Download or read book No Good Men Among the Living written by Anand Gopal and published by Macmillan. This book was released on 2014-04-29 with total page 319 pages. Available in PDF, EPUB and Kindle. Book excerpt: Told through the lives of three Afghans, the stunning tale of how the United States had triumph in sight in Afghanistan--and then brought the Taliban back from the dead In a breathtaking chronicle, acclaimed journalist Anand Gopal traces in vivid detail the lives of three Afghans caught in America's war on terror. He follows a Taliban commander, who rises from scrawny teenager to leading insurgent; a US-backed warlord, who uses the American military to gain personal wealth and power; and a village housewife trapped between the two sides, who discovers the devastating cost of neutrality. Through their dramatic stories, Gopal shows that the Afghan war, so often regarded as a hopeless quagmire, could in fact have gone very differently. Top Taliban leaders actually tried to surrender within months of the US invasion, renouncing all political activity and submitting to the new government. Effectively, the Taliban ceased to exist--yet the Americans were unwilling to accept such a turnaround. Instead, driven by false intelligence from their allies and an unyielding mandate to fight terrorism, American forces continued to press the conflict, resurrecting the insurgency that persists to this day. With its intimate accounts of life in war-torn Afghanistan, Gopal's thoroughly original reporting lays bare the workings of America's longest war and the truth behind its prolonged agony. A heartbreaking story of mistakes and misdeeds, No Good Men Among the Living challenges our usual perceptions of the Afghan conflict, its victims, and its supposed winners.

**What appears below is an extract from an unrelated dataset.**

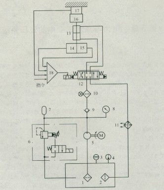 圖2-47所示為電液伺服控制系統(tǒng)的液壓原理圖。系統(tǒng)的油源為CY—C系列電機組合泵5,泵的工作壓力和卸荷由電磁溢流閥6設定和控制,壓力由壓力表8顯示。系統(tǒng)的執(zhí)行器為液壓缸13,通過電液伺服閥12的控制,液壓缸的活塞桿按要求方向和速度運動并帶動減振器1 6運動;伺服闊12前設有帶污染指示的精過濾器10。系統(tǒng)還設有液位計3、溫度調節(jié)器4、吸油和同油過濾器1及2、蓄能器7等輔助元件。該系統(tǒng)與微機測控系統(tǒng)一起對試驗臺進行閉環(huán)反饋控制。

Download or read book A Few Good Men written by Ronald J. Brown and published by . This book was released on 2001 with total page 472 pages. Available in PDF, EPUB and Kindle. Book excerpt: The service record of the Fighting Fifth covers almost all significant Marine Corps activities, combats and otherwise, of the twentieth century.
Download or read book Tears in the Darkness written by Michael Norman and published by Macmillan. This book was released on 2009-06-09 with total page 958 pages. Available in PDF, EPUB and Kindle. Book excerpt: This major new work about World War II exposes the myths of military heroism as shallow and inadequate. "Tears in the Darkness" makes clear, with great literary and human power, that war causes suffering for people on all sides.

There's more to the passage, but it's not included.